Weder Hitler noch normal – Thesen zum WM-Nationalismus und seinen Gegnern, Teil 2

So komplex es auch wäre, den nationalen Fußballwahn im Allgemeinen – und den deutschen im Speziellen – zu kritisieren, so leicht scheint es deutschen Linksradikalen zu fallen, sich in diesem Punkt einig zu werden. Anders gesagt: So zerstritten deutsche Linksradikale auch aus gutem Grunde in nahezu allen grundsätzlichen und sachbezogenen Fragen sind, um so leichter fällt es ihnen, in der Ablehnung der deutschen Fußballnationalmannschaft einig zu sein. Der Neuköllner Fahnenstreik (Deutsch-Libanesen gegen Autonome) hat es in die Zeit gebracht; der Göttinger Fahnenraub immerhin ins Tageblatt. In Hannover-Linden wurde nach dem Halbfinale ein stadtbekannter Antiimp beobachtet, wie er sich für das Recht prügeln wollte, Spanien-Fan zu sein – nur fand er in der linksliberalen Kneipe, in der er sich betrunken hatte, niemanden, der ihm dieses Recht streitig machen wollte.

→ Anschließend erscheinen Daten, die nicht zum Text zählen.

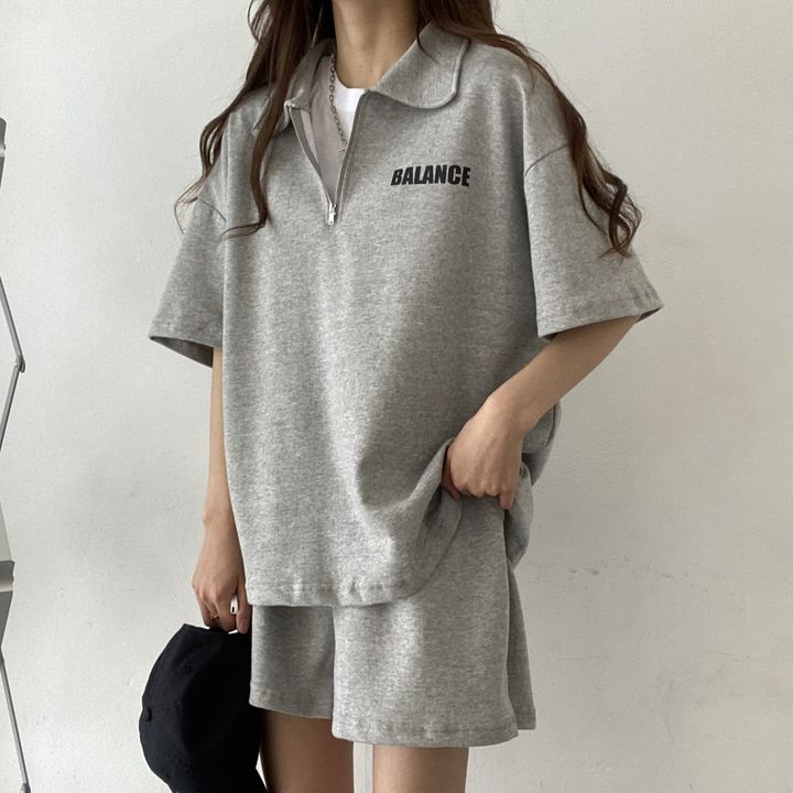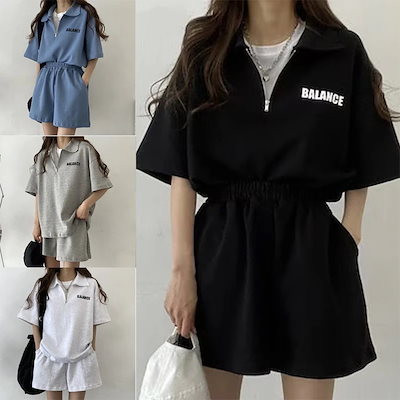 4色 セットアップ レディーススウェット ジップアップ半袖ショーツ2点セット カジュアルスポーツセットアップ セットアップ

Egal: Antifas, Autonome, Antinationale und Antideutsche – sie alle freuen sich, wenn die DFB-Auswahl verliert, und sie alle finden es gar schröcklich, wenn sie gewinnt, bzw. wenn Deutsche diesen Sieg dann feiern. Wie der Mainstream versucht, jeden noch so rassistischen Ausbruch der Fußball-Deutschen als friedliches Fest zu verkaufen, so versucht die Linke im Gegenzug, jeden blöden Deutschland-Deutschland-Sprechchor zum Beinahe-Pogrom aufzubauschen.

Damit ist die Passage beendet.